Interviewer: what would you say if I said you talk too much.
Me:
Interviewer:
Me:
I’ve finally found a book that speaks to me. I believe it’s called an “audiobook”.
Fun Fact:
Cat burglars have the highest recidivism of any criminal. As soon as they get out of prison, they want back in. And back out, and back in, and back out…
It’s polite to hold a door open for a woman, but no one specified by how much
Someone just threatened to call me later
Sorry for not paying attention during the inflight lifejacket demonstration. But this is a domestic trip so please only wake me up when you start demoing how to use a parachute.
How to cow tip:
First, sneak up behind the cow.
Next, get into a wide stance.
Finally, slip the money into it’s bell.
Me *calls 911* I got stabbed by an murderer
911: omg
Me: omg
911: “an” murderer haha
Me: haha stop I heard it just as I said it
I realize that choosing a pasta can be a confusing and difficult decision, but for the love of all that is holy, move your cart to the side.
[Enters Building]
“Excuse…”
*Voice fades*
“… anyone…”
“… how to…”
“… out this…”
“… ving door?”
I’m not saying Coke is better, I’m just saying I’ve never heard anyone order a Jack and Pepsi.
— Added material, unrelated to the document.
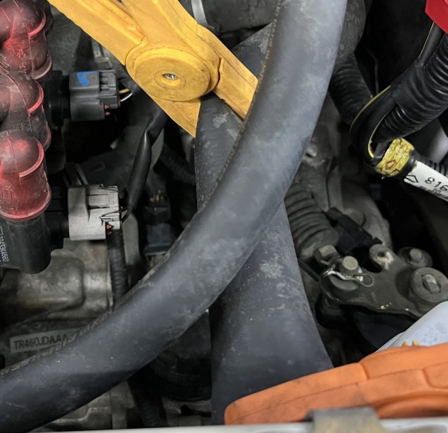 水温センサーアタッチメントを取り付ける為、ホースをカットします。

I’m uncomfortable with flirting. I never know at what point I show the guy I’m able to put my entire fist in my mouth.
*Prosecution lawyer paints white stripe on otter*
DEFENCE LAWYER: Objection, Your Honour. He’s clearly badgering the witness.
My great grandma used to regift the same nice plaid button-up shirts to my great grandpa every year. He’d thank her for them and then save them for a special occasion, and when Christmas came she’d wrap them again. He never seemed to notice.
If you’re not part of the solution, you must be on Twitter
Them: But, if you’re both dudes, who’s “the lady” in your relationship?
Me: Janet Jackson. Always.
Please stop making sex robots, if I want to have sex I’ll do it the way God intended: By making a regular robot fall in love with me.
I’m just a boy, standing in front of a girl, asking her to help me put a bunch of ducks in my car.
“First off I want to wish my opponent the best of luck and oh god. OH GOD NO” – presidential candidate accidentally using their 3rd wish
I don’t know why they are called smart phones, I dropped mine in the toilet and it didn’t even try to get out.
man: you’re beautiful
me: gross
man: humanity is a black hole of stupid and i’m dying inside
me: [heart beats fast] oh my god are you single
Googles ‘why everyone hates self-made rich geniuses’
Parents be like “i don’t have a favorite child” then use one of your siblings birth dates as a password
Me: I wish I was the most beautiful person in the world.
Genie: done
Me: *looking in mirror* But I still look the same…
Genie: Just wait until you see everybody else.